The charge to be assessed under the mechanism would have to be determined in the same manner as the generation capacity charge and would have to be included in the customer's retail rates. If the appropriate ISO determined that at any point within the next four-year planning period there would be insufficient capacity to meet the local clearing requirement in Michigan or that the resource adequacy tariff that was put into effect did not include a prevailing state compensation mechanism, the PSC immediately would have to hold a contested case hearing to determine if the tariff would result in sufficient capacity to meet the LCR in Michigan.
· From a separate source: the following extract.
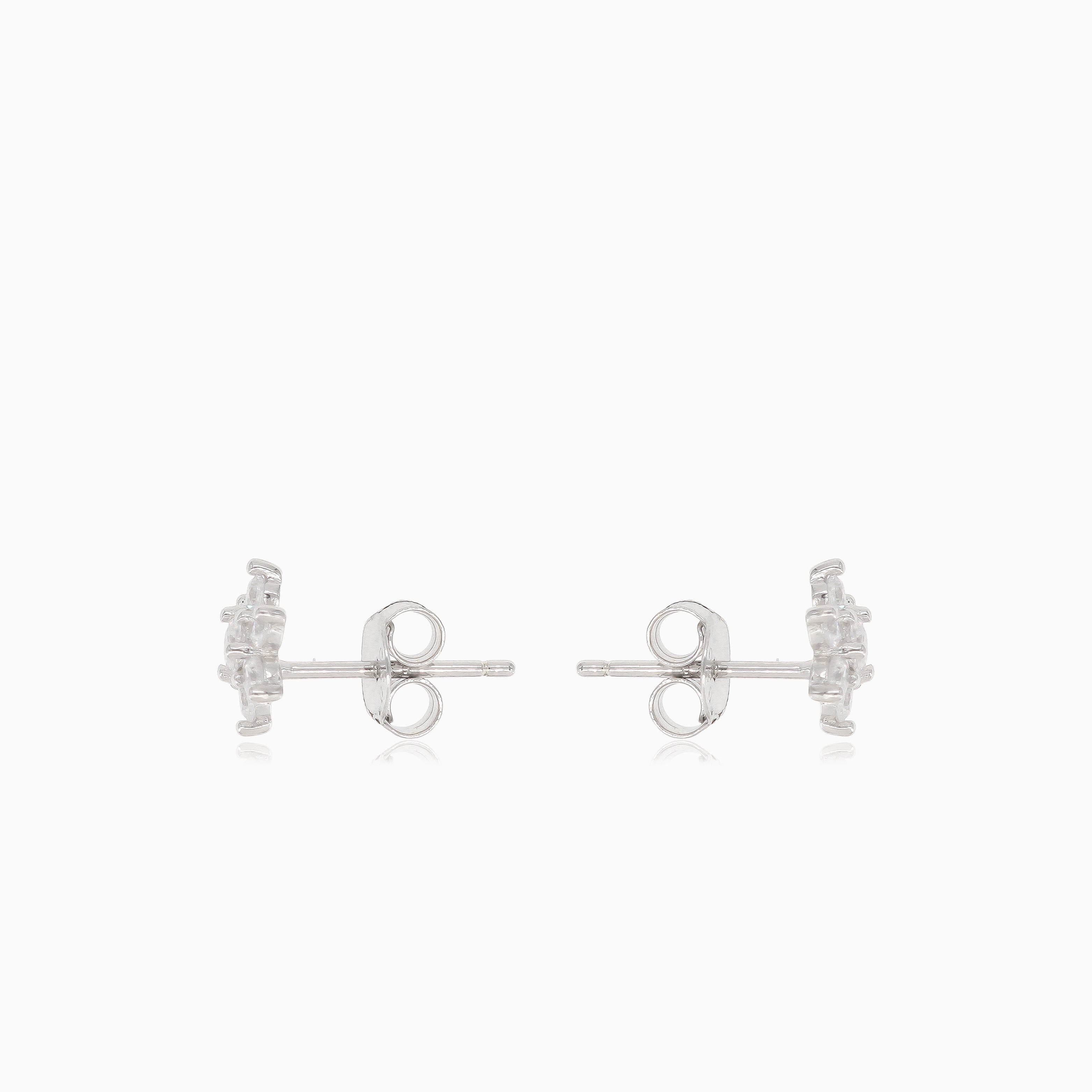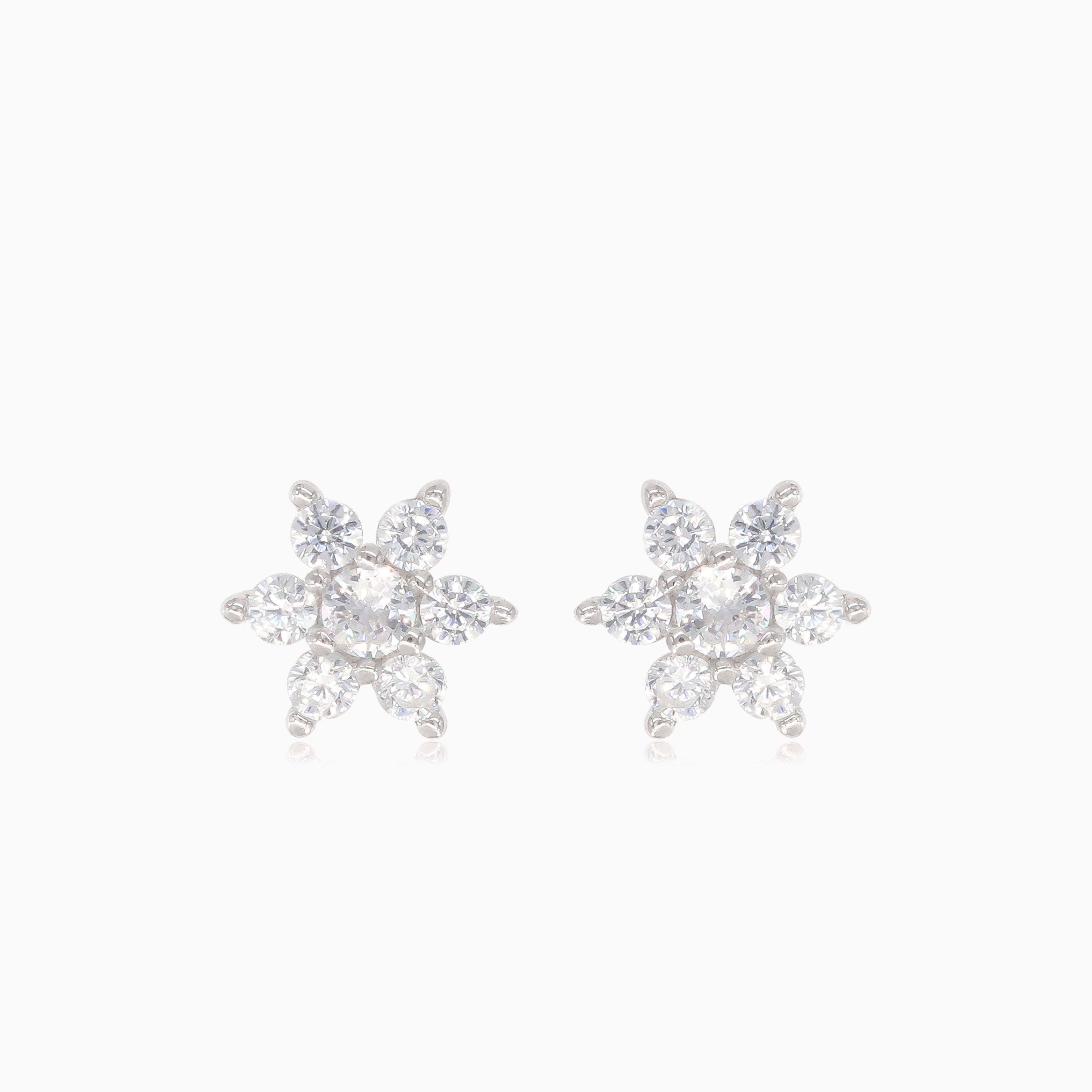 Jemné stříbrné náušnice s důmyslně zpracovanými květy z kulatých zirkonů, které vyzařují eleganci a šarm.

In order to determine whether a tariff that did not include a prevailing state compensation mechanism would result in sufficient capacity to meet the LCR, the PSC would have to find that the tariff would result in at least the same capacity as that which would be achieved as described below.
If FERC had not put into effect by October 1, 2017, a resource adequacy tariff for the appropriate ISO that included an option for a state to implement a prevailing state compensation mechanism for capacity, or the PSC had not determined that the tariff of the ISO would result in sufficient capacity to meet the LCR, the following provisions would apply
Beginning in 2017, an electric utility would have to demonstrate to the PSC by October 1 of each year that for the planning year beginning the following June 1 and the subsequent planning year, the utility owned or had contractual rights to sufficient dedicated and firm electric capacity to meet 90% of its proportional share of the local clearing requirement as determined by the PSC.
An alternative electric supplier, cooperative electric utility, and municipally owned electric utility would have to demonstrate to the PSC by October 1, 2017, that for the planning year beginning June 1, 2018, the AES or utility owned or had contractual rights to meet the equivalent of 50% of its proportional share of the LCR. The AES could meet this requirement by demonstrating that its customers would pay a generation capacity charge that was determined, assessed, and applied as prescribed in the bill.
An AES or cooperative or municipally owned electric utility annually would have to demonstrate to the PSC by October 1 beginning in 2018 that for the planning year beginning the following June 1 and the subsequent planning year, the AES or utility owned or had contractual rights to sufficient dedicated and firm electric capacity to meet the equivalent of 90% of its proportional share of the LCR. The AES could meet this requirement by demonstrating that its customers would pay a generation capacity charge that was determined, assessed, and applied as prescribed in the bill.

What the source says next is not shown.